Air-to-air photography requires special skills and experience, as the photo platform and target aircraft often fly low level while under moderate to high G-forces. Looking through his camera, the photographer usually sits looking sideways while the aircraft manoeuvres through the sky, often resulting in airsickness and making air-to-air photography even more challenging.

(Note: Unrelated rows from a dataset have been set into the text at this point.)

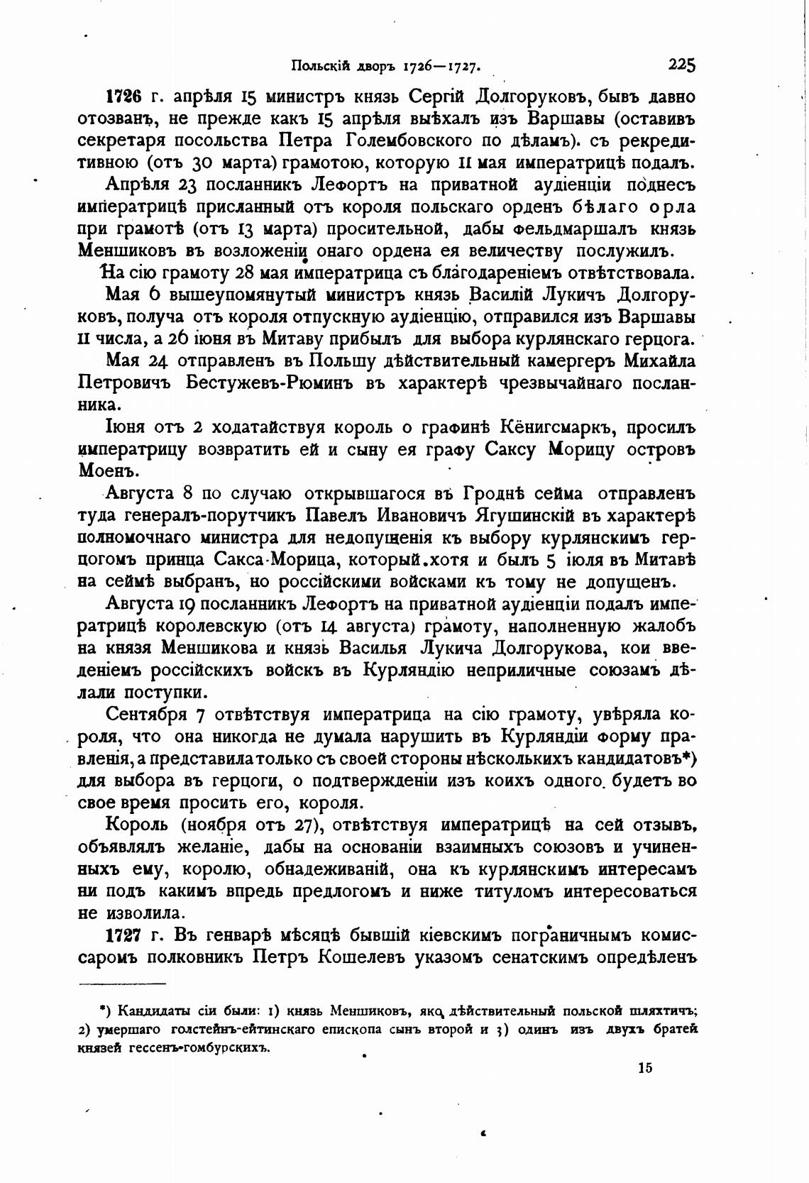 * ) Кащаидаты были: 1) князь Меншиковъ, д±йствительный польской шляхтичъ;
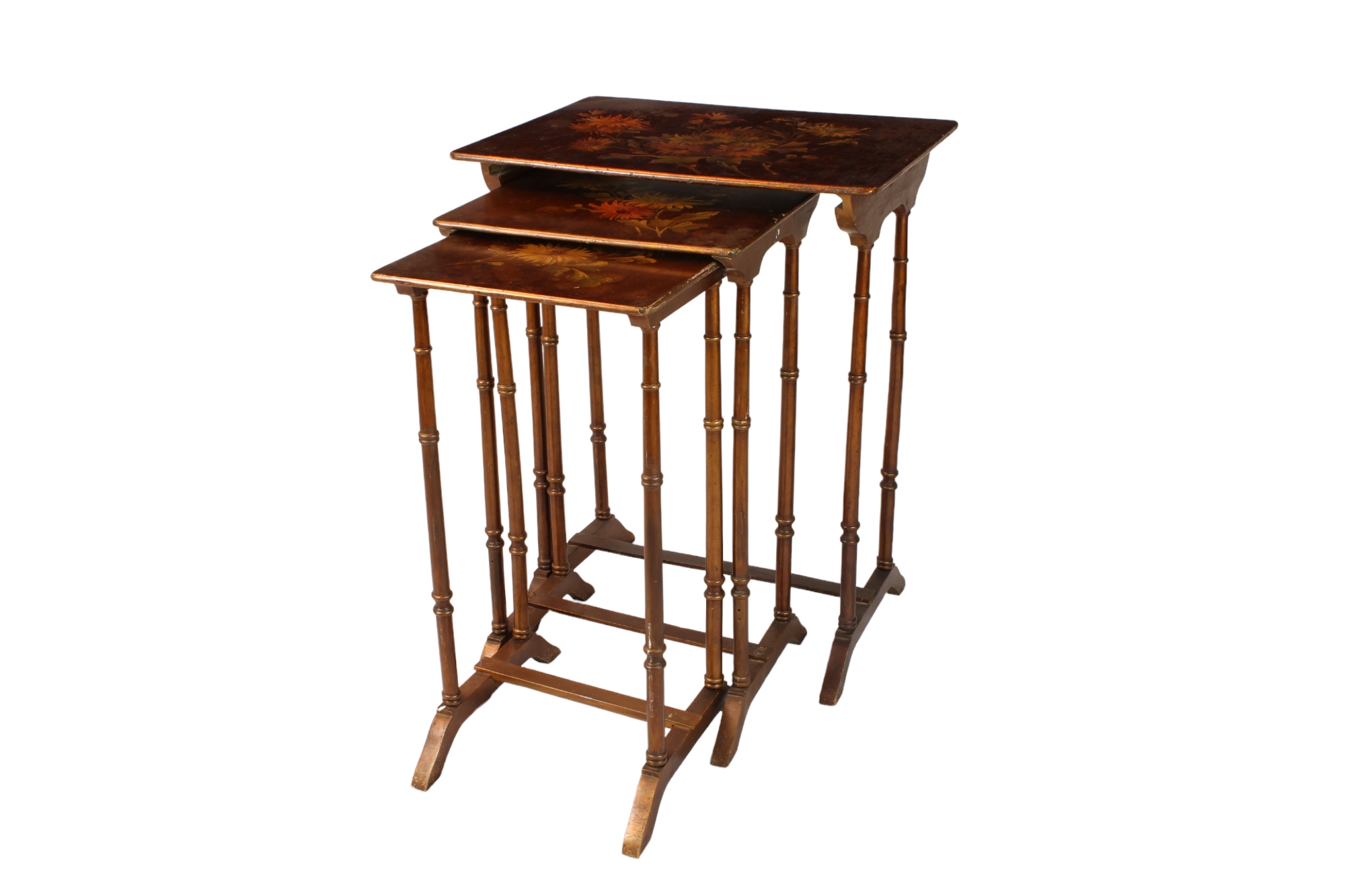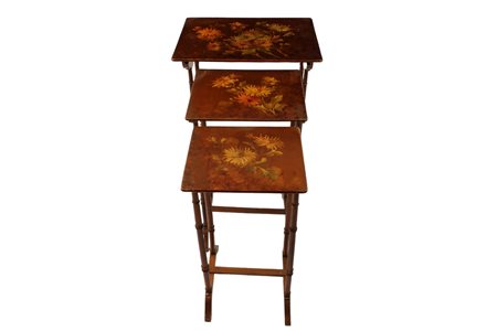 in legno laccato e dipinto a motivi floreali Inghilterra XIX secolo h cm 71 x 55,5 x 40 / h cm 66 x 38 x 32 / h cm 64 x 33 x 29
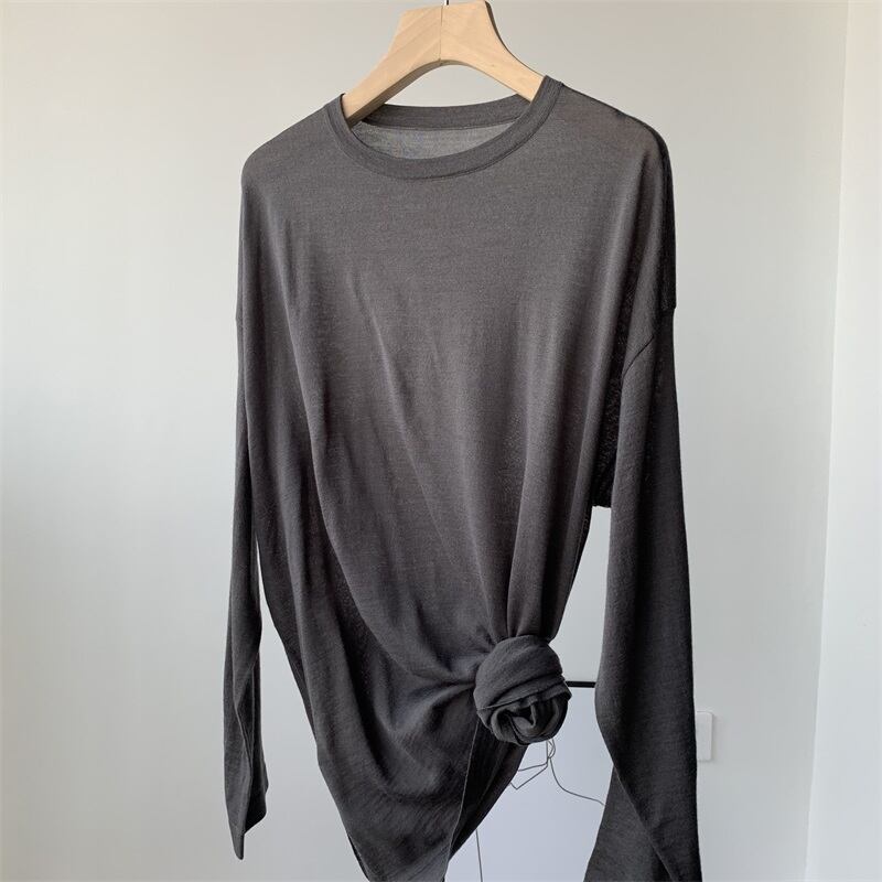 トップス Tシャツ シャツ 白シャツ 白トップス ビッグT 袖あり 長袖 ラウンドネック 襟なし スリム ストレート ウール 薄手 シンプル 大人 上品 おしゃれ かっこいい レトロ メンズライク ボーイッシュ クール モダン 無地 春 夏 秋 冬 オールシーズン 10代 20代 30代 40代 50代 60代 オフィス ビジネス OL 通勤 学生 通学 デート 公園デビュー 休日 運動 ジム ヨガ アウトドア ファッション コーデ スタイル 楽ちん 定番

The subject aircraft is photographed while both aircraft are in flight, often holding formation. This allows the photographer to position the subject in specific locations and angles to get the most desirable shot. Some things that must be considered to achieve best results are lighting and background. Proper lighting is achieved through correct placement of the aircraft relative to the sun, and is accomplished flying only at certain times of the day and/or by flying at a heading that lines the Sun up on the subject aircraft properly. The background can highlight or distract from the subject and must be carefully considered when taking shots.

== Applications ==
Air-to-air photography can be used for a variety of purposes, including commercial use and advertising. During World War II, air-to-air photographs were used in training members of the armed forces in aircraft recognition in publications such as the British journal Aircraft Recognition.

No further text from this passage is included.